The family of Jamel Floyd, a Brooklyn man who died after being pepper sprayed in the borough’s Metropolitan Detention Center (MDC) last year, has just taken legal action.
According to a Wednesday (June 23) report from The New York Post, Floyd’s mother, Donna Mays, has filed a lawsuit against both the federal government and “unnamed BOP staff” for unspecified damages. The suit alleges that “Mr. Floyd’s life was cut abruptly short by correctional officers who subjected Mr. Floyd to excessive force and then stood by while he slowly died.”
The suit says that, on May 30, 2020 Floyd, who had been sent to MDC after being convicted on a burglary charge, had been put into solitary confinement after being beaten by prison guards the day before. Floyd reportedly suffered from schizophrenia, high blood pressure and asthma and had to take medication for each condition.
On June 3, 2020, the suit says, Floyd, who had been studying to get a commercial driver’s license and planned to start a trucking company along with his brother, began suffering from “a severe mental health or medical crisis” and began asking for medical help only to be ignored. According to the suit, Floyd told guards that “I can’t breathe” and “Someone is trying to kill me,” and asked the guards if they were ignoring him for personal reasons.
The documents claim that “at least” one guard told Floyd to be quiet and that there was nothing wrong with. From there, the files allege, a prison psychologist spoke with Floyd momentarily, but no record of it was recorded.
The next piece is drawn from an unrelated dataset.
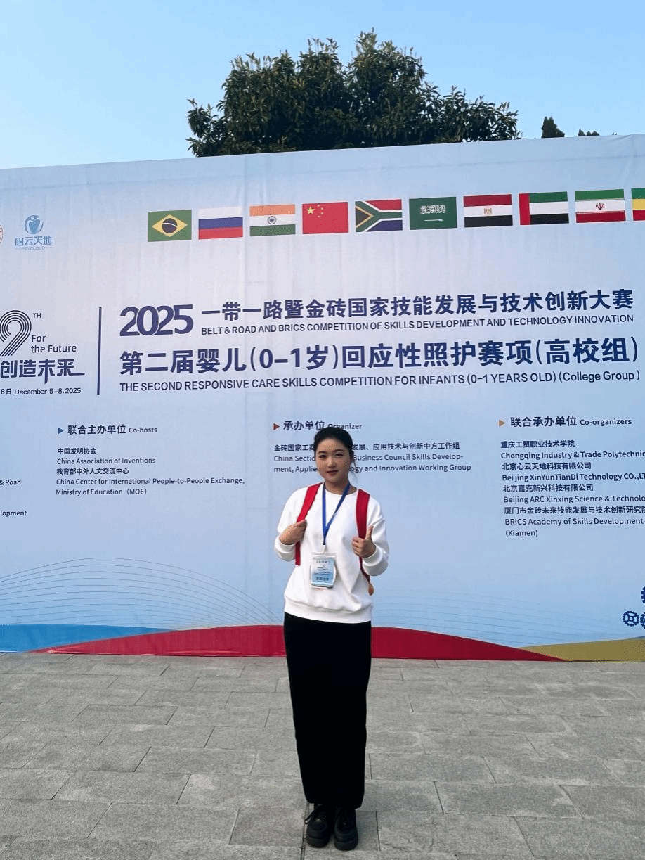 12月5日至8日,2025“一带一路”暨金砖国家技能发展与技术创新大赛之第二届婴儿(0-1岁)回应性照护赛项决赛在重庆工贸职业技术学院举行。BEAT365学前教育专业学生王雪娟获大赛三等奖,教师师晓宁全程指导并带队参赛。

In an effort to get attention, Floyd then broke his sink and knocked a hole in his cell window before 20 officers equipped with riot shields and more arrived at the scene. Once they were there, Floyd reportedly said: “My chest is hurting and y’all are not listening.”
The suit alleges that from there, guards sprayed “several canisters” of pepper spray into the cell, which led Floyd to “coughing, gagging and choking” before falling to the floor. The file claims that the guards, some of whom vomited as a result of the pepper spray, acted with “excessive force,” and that the pepper spray caused Floyd “to experience a life-threatening abnormal hearth rhythm.”
Eventually, prison officials tried to revive Floyd, who was strapped to a chair, but by then he had already died.